Persephone, the Real-Time Genome Browser
By Aaron Krol
April 25, 2014 | Syngenta, one of the world’s largest crop engineering companies, was not in the market for a new genome browser. In 2008, Syngenta, like many companies, was using the open source program GBrowse, which is substantially similar to most commercial platforms. GBrowse has an intuitive interface for displaying genes and chromosomes, and all the basic tools, like BLAST, that users need to run in genome browsers. It didn’t seem like a particular pain point for research.
But then a group of Syngenta scientists did a site visit to Ceres, a smaller bioengineering company that specializes in creating crop strains for use as biofuels. There, they were introduced to an in-house browser called Persephone. “They were looking at something completely different,” says Eric Ganko, a computational biologist at Syngenta. “But they happened to see this software, and they were quite interested in how fast you were able to look at a whole chromosome view.”
Genome browsers have to render massive amounts of data in an interactive visual format, which makes heavy demands on memory.

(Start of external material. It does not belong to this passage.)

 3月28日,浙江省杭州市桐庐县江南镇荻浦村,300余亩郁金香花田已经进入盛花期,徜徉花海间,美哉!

It can take ten or fifteen seconds to load a new file, or to zoom from a specific gene out to a whole chromosome. “If the research stream is 15 clicks, and every click is 10 to 15 seconds, it may not sound like a lot, but over the course of looking up your information it can be very time-consuming,” says Tim Swaller, Ceres’ Vice President of Genomic Technologies.

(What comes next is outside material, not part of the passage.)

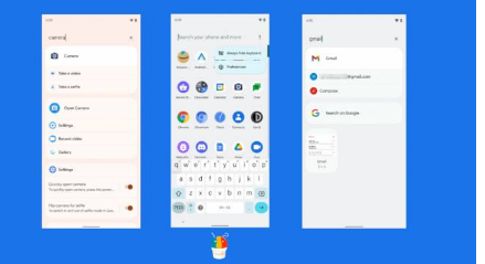 一个例子是,如果您输入相机,您会看到“拍摄视频”、“自拍”等选项。这将节省您一些时间,因为它减少了获取您想要的应用程序或设置的步骤做。它在为您提供结果和选项方面似乎也非常快。搜索栏使用AppSearchAPI,它实际上是一个离线和设备上的搜索库。开发人员可以将其集成到各自的应用程序中。

In fact, in subtle ways, it can begin to shape the kind of research that gets done. Scientists entering a genome browser tend to navigate straight to a single gene or region of interest, and not move far afield, or switch to another data source, without a specific reason.
Carl Meinhof, Ceres’ Manager of Research Informatics, likens the situation to the early days of Google Earth. “[The map] was all there,” he says, “but when you panned around, or zoomed in, you always had to wait for things to load. It was great that something like this existed in the first place, but in the end, it was really painful to use.”

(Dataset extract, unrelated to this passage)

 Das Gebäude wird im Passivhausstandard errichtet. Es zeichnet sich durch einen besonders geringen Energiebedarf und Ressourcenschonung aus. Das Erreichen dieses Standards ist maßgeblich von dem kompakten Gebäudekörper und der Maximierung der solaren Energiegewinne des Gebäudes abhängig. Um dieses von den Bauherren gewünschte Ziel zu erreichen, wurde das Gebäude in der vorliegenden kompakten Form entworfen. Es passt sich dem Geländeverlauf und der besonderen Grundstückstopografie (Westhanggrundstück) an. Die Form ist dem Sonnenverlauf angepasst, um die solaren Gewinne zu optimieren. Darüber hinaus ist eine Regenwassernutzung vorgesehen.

Persephone, however, works essentially in real time. Users can open a 300 million-nucleotide chromosome and see it appear onscreen in less than a second, and immediately scale down to the level of introns and exons, or pan between genic regions. “You can scroll the mouse wheel, and things just react immediately, just like you would expect from a picture you zoom in and out of,” says Meinhof. “In other browsers, you deal with delays in reloading data when you go between regions.”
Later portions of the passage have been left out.